Citation (Chicago): Jaucourt, Louis, chevalier de. "Eternal truth." The Encyclopedia of Diderot & d'Alembert Collaborative Translation Project. Translated by Abby Kloppenburg. Ann Arbor: Michigan Publishing, University of Michigan Library, 2013. http://hdl.handle.net/2027/spo.did2222.0002.903 (accessed [fill in today's date in the form April 18, 2009 and remove square brackets]). Originally published as "Vérité éternelle ," Encyclopédie ou Dictionnaire raisonné des sciences, des arts et des métiers, 17:71 (Paris, 1765).

Eternal truth is a general and certain proposition, which depends on the congruence or incongruence occurring in abstract ideas.

The resulting propositions are called eternal truths , not because these are propositions that have in fact always been true and that have existed before the understanding that forms them in all times; nor because they are etched in the mind, according to a model that would exist somewhere, and existed before: but because these propositions were once formed from abstract ideas, in such a way that they are true, so they cannot but be in fact true, at any time, past or future, when we assume they were formed at a different time by a mind within which are found the ideas of which these propositions are composed; because names are always supposed to mean the same ideas, and the same ideas constantly have the same relations with each other, so it is clear that the propositions being formed on abstract ideas are once true, and must necessarily be eternal truths.

Thus having the idea of God and of myself – even the ideas of fear and obedience; this proposition: men should fear God and obey him, is an eternal truth , because it is true for all men who have existed, exist or will exist.

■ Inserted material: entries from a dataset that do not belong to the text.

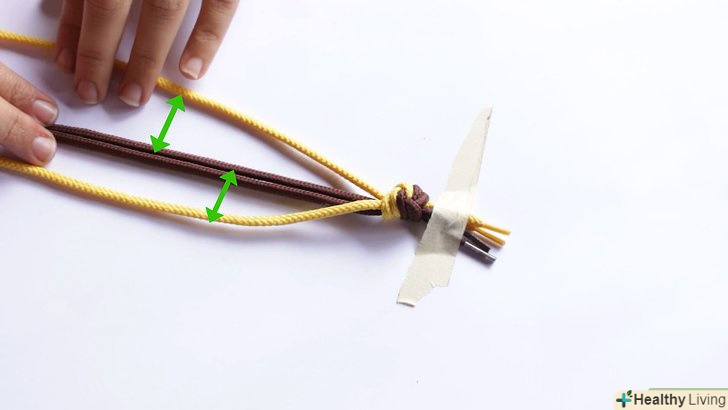- З одного кінця зв'яжіть нитки між собою. Зв'яжіть з одного кінця відрізки матеріалу, який ви будете використовувати в плетінні. Скористайтеся звичайним вузлом, включивши в нього всі чотири або вісім ниток, щоб закріпити їх.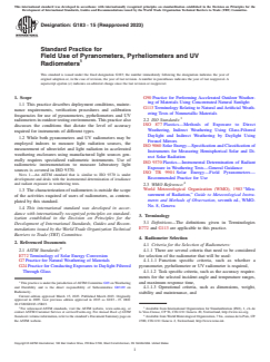 SCOPE 1.1 This practice describes deployment conditions, maintenance requirements, verification procedures and calibration frequencies for use of pyranometers, pyrheliometers and UV radiometers in outdoor testing environments. This practice also discusses the conditions that dictate the level of accuracy required for instruments of different types. 1.2 While both pyranometers and UV radiometers may be employed indoors to measure light radiation sources, the measurement of ultraviolet and light radiation in accelerated weathering enclosures using manufactured light sources generally requires specialized radiometric instruments. Use of radiometric instrumentation to measure laboratory light sources is covered in ISO 9370. Note 1: An ASTM standard that is similar to ISO 9370 is under development and deals with the instrumental determination of irradiance and radiant exposure in weathering tests. 1.3 The characterization of radiometers is outside the scope of the activities required of users of radiometers, as contemplated by this standard. 1.4 This international standard was developed in accordance with internationally recognized principles on standardization established in the Decision on Principles for the Development of International Standards, Guides and Recommendations issued by the World Trade Organization Technical Barriers to Trade (TBT) Committee.
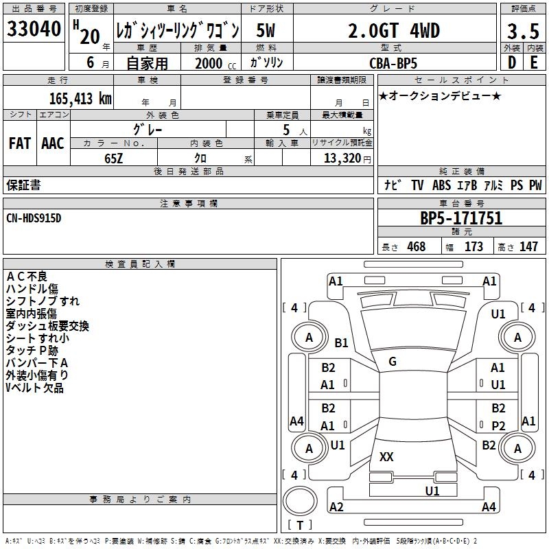 SUBARU LEGACY TOURING WAGON 2.0GT 4WD - лот 33040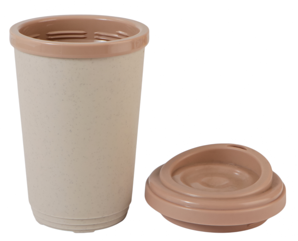Стакан с крышкой имеет комфортный диаметр корпуса, удобно ложится в руку и подходит к подстаканникам в машине. Крышка с носиком имеет язычок для удобного открывания.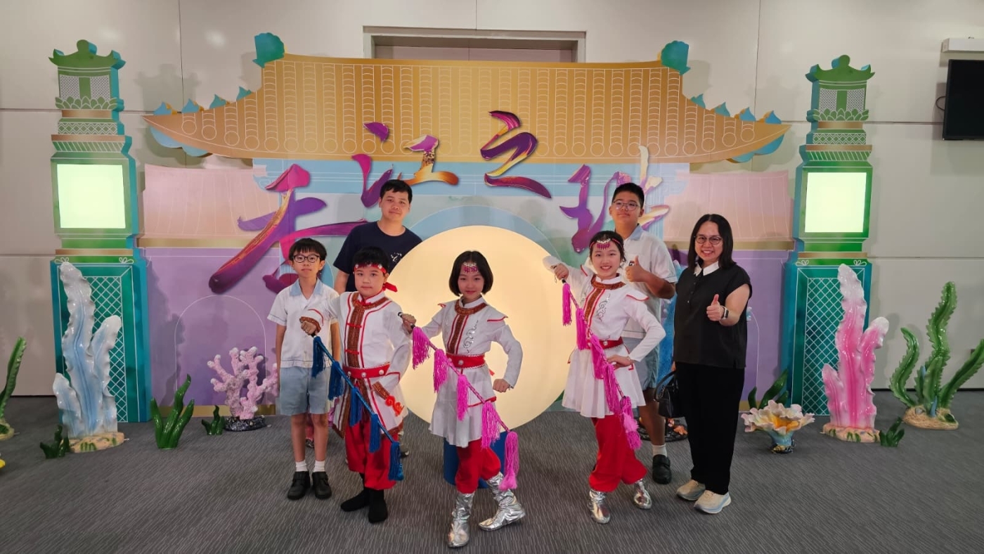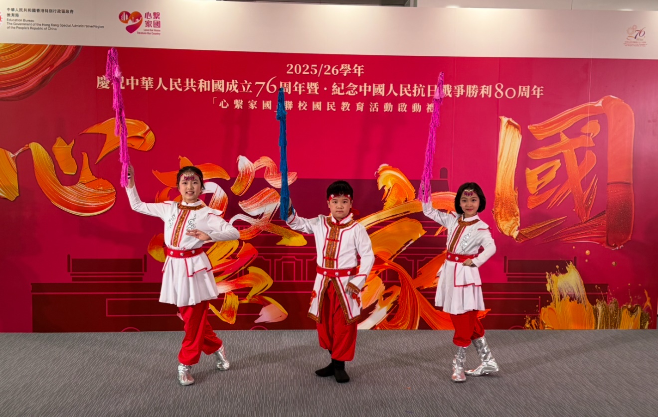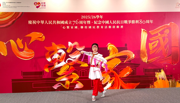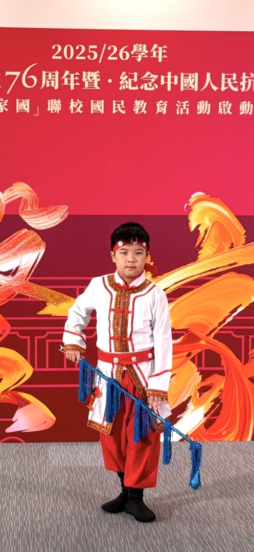 天官小的同學很高興能參與日前由教育局主辦的「心繫家國」聯校國民活動啟動禮,並於匯演節目中,與眾多友校同學一同參與演出,包括粵劇《香江之珠》及演唱歌曲《國家》。參與演出的同學於上學年已開始接受粵劇訓練,包括鑼鼓節奏、做手和唸白。同學於演出前更接受進階訓練,為演出作緊密綵排。相信在演出過後,同學都能學習成為堅毅的演出者,更能在粵劇中認識我國文化,從心底裏厚植家國情懷。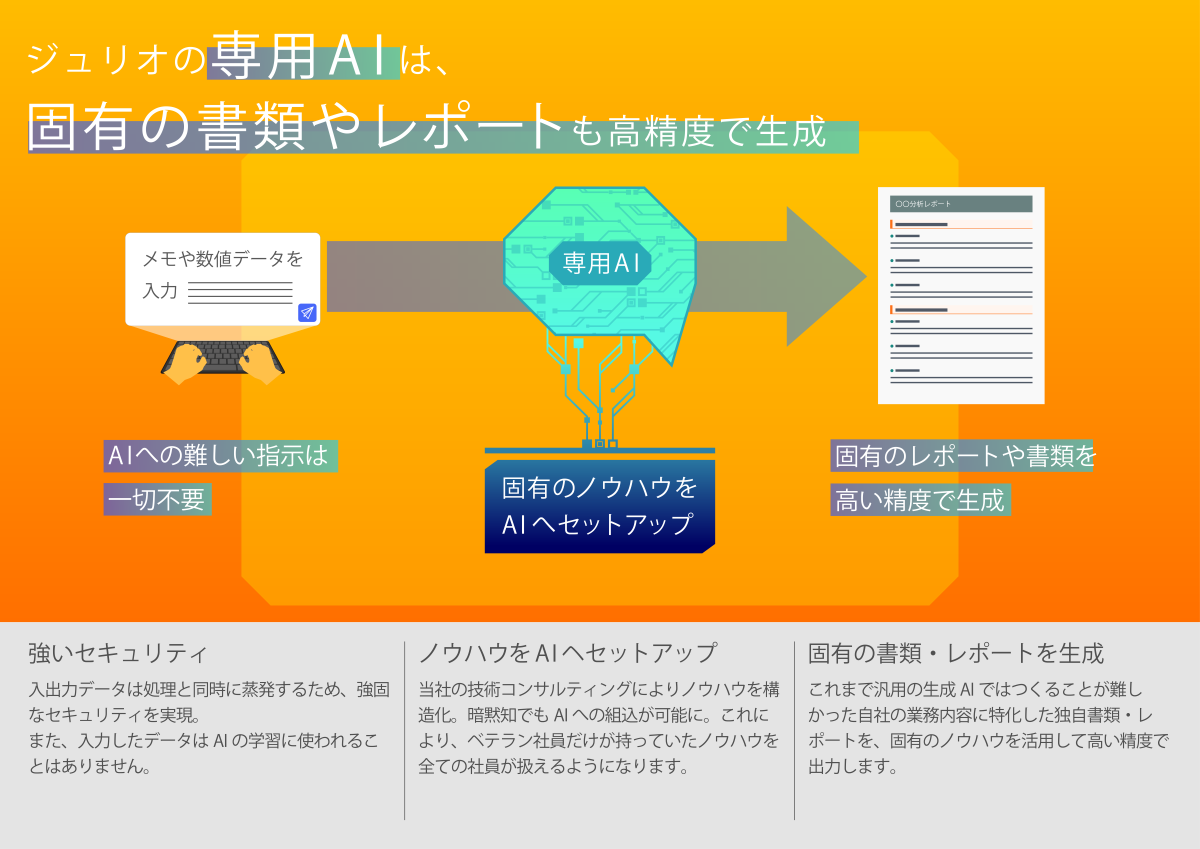 展示では、企業固有のノウハウをAIに組み込む専用AI開発サービスや、財務技術と生成AIの融合による財務分析や経営分析などのレポート機能を備えた財務AIジュリエットが紹介される予定だ。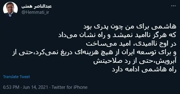 عبدالناصر همتی در توییتر نوشت: هاشمی برای من چون پدری بود که هرگز ناامید نمیشد و راه نشان میداد در اوج ناامیدی، امید میساخت و برای توسعه ایران از هیچ هزینهای دریغ نمیکرد،حتی از آبرویش،حتی از رد صلاحیتش راه هاشمی ادامه دارد.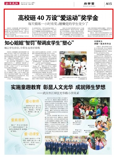 该校2010级市场营销专业的大三生康亮和杨乐都获得了“爱运动”奖学金。康亮喜爱户外运动和散打,还参加了晨光武术团队,他称,这个奖学金是个很好的鼓励,以前宿舍很多人喜欢睡懒觉,现在也学会积极运动了。 对于设立“爱运动”奖学金的缘由,武汉生物工程学院院长助理朱祖襄称,该奖的设立对学风也有影响,过去学生睡懒觉的多、不爱运动多,现在都有所减少。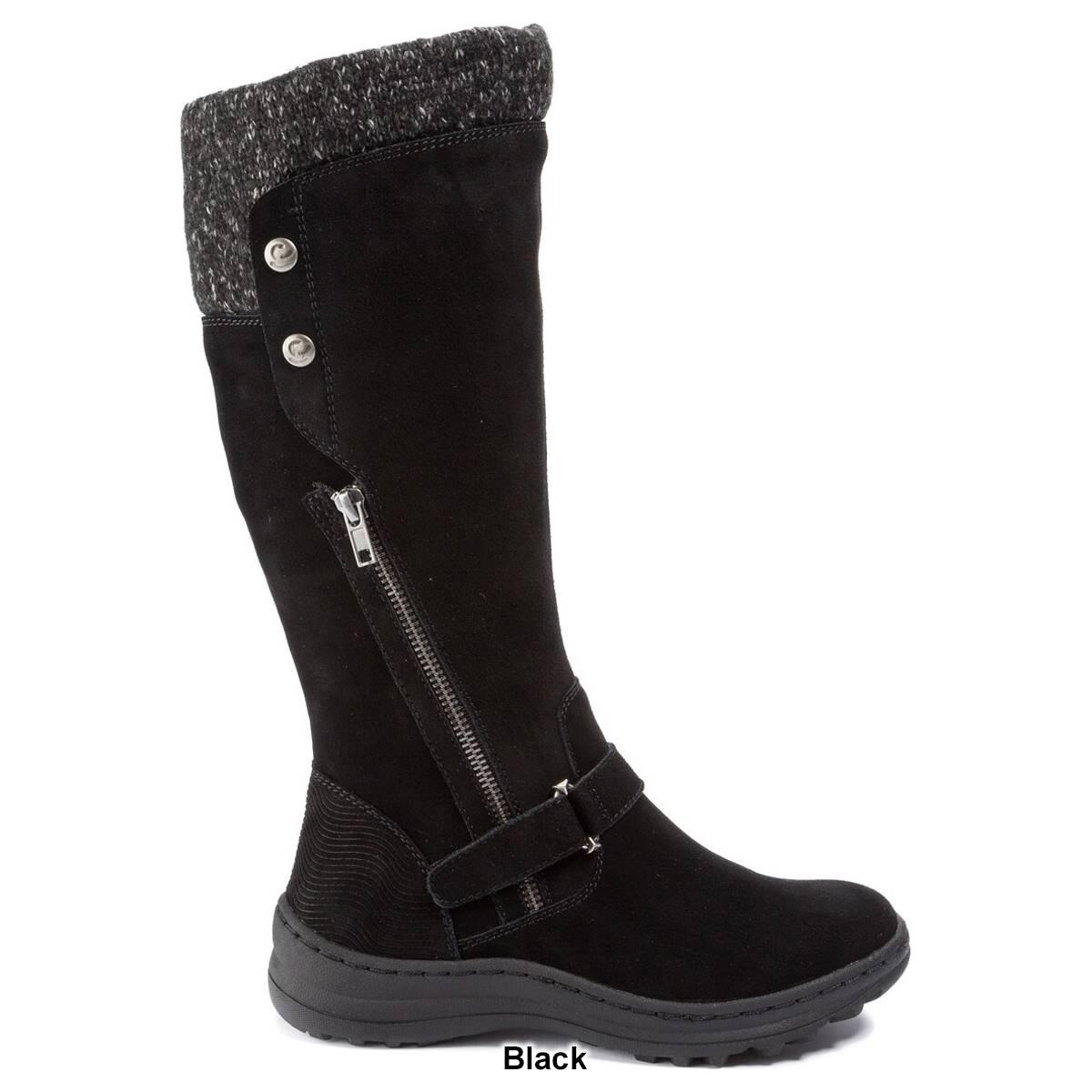 Cozy vibes are yours in the Adele cold weather tall boot from Baretraps®! This casual boot is full of comfort and features an exposed zipper, buckle and button details, and an adorable sweater cuff for style and comfort. The sole is slip resistant to keep you steady no matter what the weather report says. Weatherproof Technology: The water-resistant and weatherproof construction helps keep you dry while the treaded sole is for increased traction. Soft cushioned lining for warmth and comfort every step!

These are eternal truths that the relationships of prior equity to the positive law that establish them, such as for example, that assuming that there were societies of reasonable men, it would be fair to comply with their laws; that if there were intelligent beings who had received some benefit from another being, they ought to show gratitude; that an intelligent being that has harmed another intelligent being deserves the same evil, and so on in the same way.